Obscure startup wins prestigious CES 2024 award — you’ve probably never heard of it, but Panmnesia is the company that could make ChatGPT 6 (or 7) times faster
The coveted Innovation Award at the upcoming Consumer Electronics Show (CES) 2024 event in January has been scooped by a Korean startup for its AI accelerator.
Panmnesia has built its AI accelerator device on Compute Express Link (CXL) 3.0 technology, which allows an external memory pool to be shared with host computers and components such as the CPU, which can translate into virtually unlimited memory capacity. This is thanks to the integration of a CXL 3.0 controller in the accelerator chip.
CXL is used to connect system devices including accelerators, memory expanders, processors, and switches. By connecting multiple accelerators and memory expanders using CXL switches, the technology can provide sufficient memory to an intensive system for AI applications.
What CXL 3.0 means for LLMs
Using CXL 2.0 in these types of devices would allow certain hosts to access their dedicated portion of the pooled external memory, while the latest generation of hosts would allow access to the entire pool as and when needed.

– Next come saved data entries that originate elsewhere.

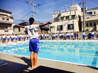 晴天の中、昨日の1年生に続いて3年生の水泳大会が始まりました。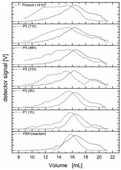 In Figure 6 are depicted typical SEC measurements of samples taken during an extended poly-condensation resulting finally in PIM(25)-b-PEO(2) with rather high molecular weight. These samples were prepared by precipitation in water and worked up either by extraction with CHCl3 (samples from the start) or by direct filtration. All samples were measured in SEC (liquid phase CHCl3). Black lines show the eluted volumes, differentiated by reaction time and detected by RI, the red lines were results of MALS detection. The black line at the bottom of Figure 6 (PIM-1 reactant) represents the starting PIM-1 sample with F-end groups and approximately 20–25 kg/mol with a broad peak at 16–17 mL eluted volume. Monomer PEG-2000-di-DHBA-ester (5c) was added and after 60 min the next black line was measured. During progress of reaction the initial PIM-1 peak broadened towards lower elution volume (=higher molecular weights). Additional samples were drawn after 10 h, 45 h and 75 h of reaction time. Finally, the product is represented by the black line on top of Figure 6. Distribution of molecular weights is very broad. The final Mw measured by RI detection was calculated by universal calibration (polystyrene (PS)) standards to average 380 kg/mol with quite large deviations. However, a basic problem with RI detection is the universal calibration by polystyrene standards. The contorted structure of PIM-1 (and the similar polymers in our study), introduced by the spiro-formation of 1, is the reason for the apparent intrinsic microporosity by hindering the polymer chains to pack efficiently and thus forming molecular nano-sized pores in between the chains. As the product of a polycondensation reaction, PIM-1 shows a rather broad mixture of different chain lengths (PDI >> 1), therefore many deviations towards higher and also lower molecular weights. Average molecular weight of polymers is usually estimated by SEC on calibrated separation columns and in most SEC labs the universal calibration by commercial available PS standards and detection by refraction index (RI) and/or UV signals is the acknowledged standard method. Separation on SEC columns also depends on the hydrodynamic volume of the polymers and PIM-1 with its contorted structure is quite different from PS. Therefore, this standard method provides not always reliable molecular weight values. However, from SEC measurements at different concentrations and detection by RI the determination of the refractive index (RI) increment dn/dc is available comparing the deviation from respective PS standards. Using the dn/dc value measured for the employed polymers, it is possible to detect also by Multi Angle Light Scattering (MALS) (method see for example []) and to achieve more reliable molecular weight values for PIM-1 and the structural variations that are described in this study.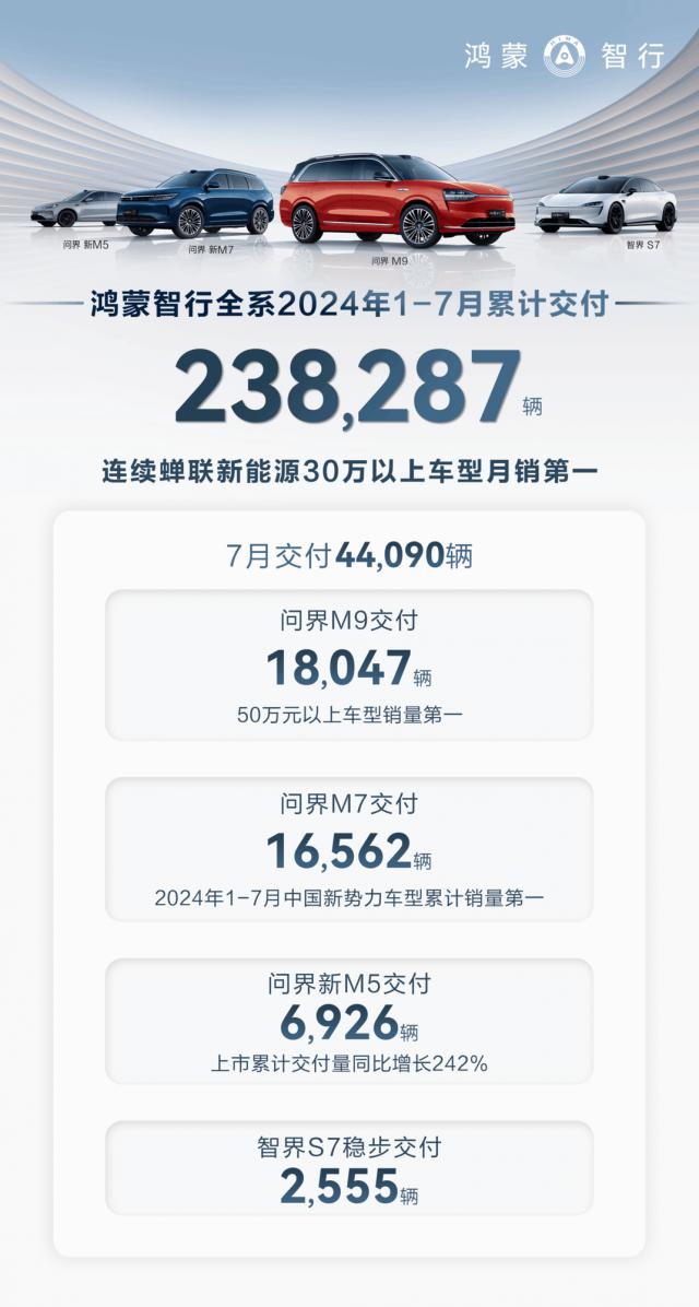 日前,各大汽车品牌相继公布。 7 月销。鸿蒙智行 7 月交付新车 44090 辆,1-7 每月累计交付新车 238287 车辆,稳居中国新力量品牌头部阵营。其中,鸿蒙智行旗下 AITO 问界品牌技术旗舰 SUV 问界 M9 在 7 月交付新车 18047 车辆,累计交付超过 7 一万辆,不断刷新豪华车销售记录;国民 SUV 问界新 M7 系列 7 月交付新车 16562 车辆,累计交付突破 20 万,成为销售奇迹。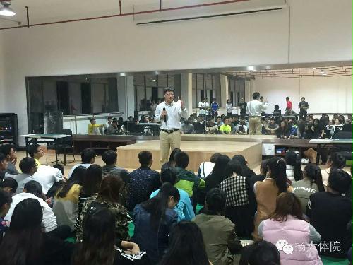 首先,陈爱国副院长向全体出席此次会议的体育教育专业学生进行勉励。他强调了扬州大学体育学院体育教育在全省的地位,扬大体院在过去的江苏省师范生比赛中,一共囊括了11个一等奖中的5个,而学院也将培养学生,塑造学生作为主要培养目标,力求每个学生都能成为合格师范生。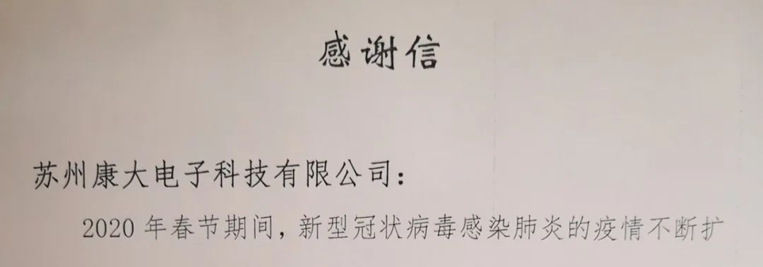 苏州康大电子科技有限公司通过邮寄的方式向事业部赠送20套医用防护服。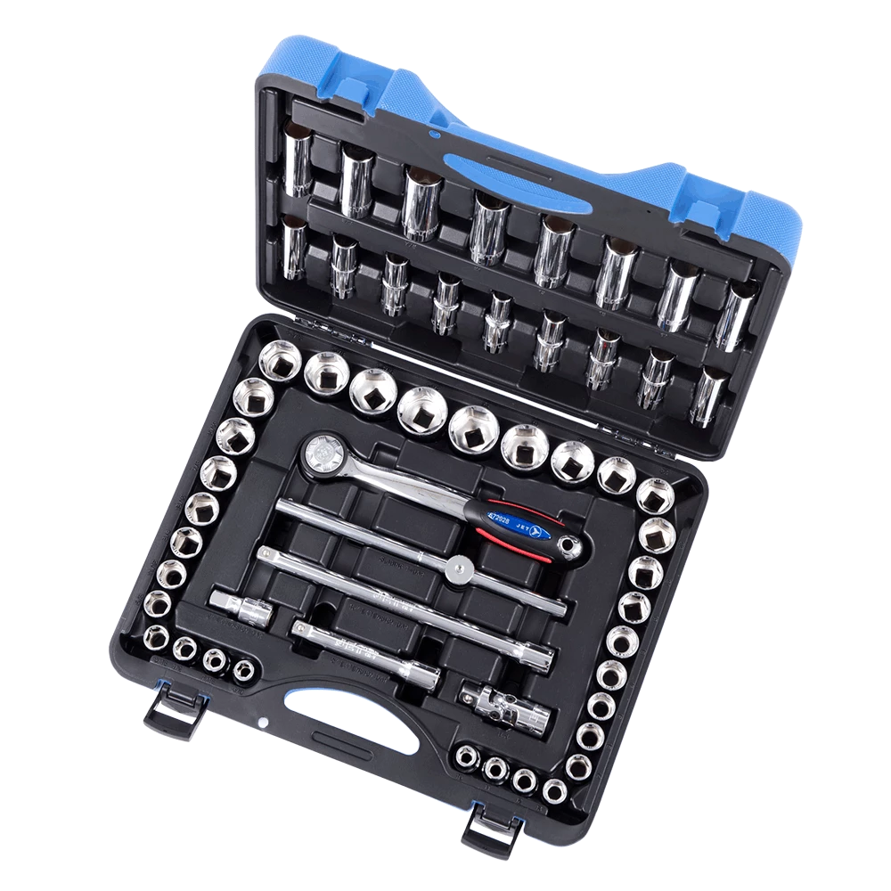 | Accessories Included | 72 tooth high torque ratchet, 2″, 5″ and 10″ extensions, 10″ sliding T-handle, 2-3/4″ universal joint, Blow mould case |

“We believe our CXL technology will be a cornerstone for the next generation AI acceleration system,” said Panmesia founder and CEO Myoungsoo Jung in a statement rack.
“We remain committed to revolutionizing not only the AI acceleration system, but also other general environments such as data centers, cloud computing and high-performance computing.”
Panmnesia's technology works similar to how clusters of servers can share external SSDs to store data, and would be especially useful for servers as they often need access to more data that they can store in onboard memory.
This device is purpose-built for large-scale AI applications – and its makers claim that it is 101 times faster at performing AI-based search functions than conventional services, which use SSDs to store data, linked over networks. The architecture also minimizes energy costs and operational expenses.
If used in the configuration of servers that use OpenAI, for example, to host large language models (LLMs) such as ChatGPT, alongside hardware from other vendors, it could dramatically improve the performance of these models.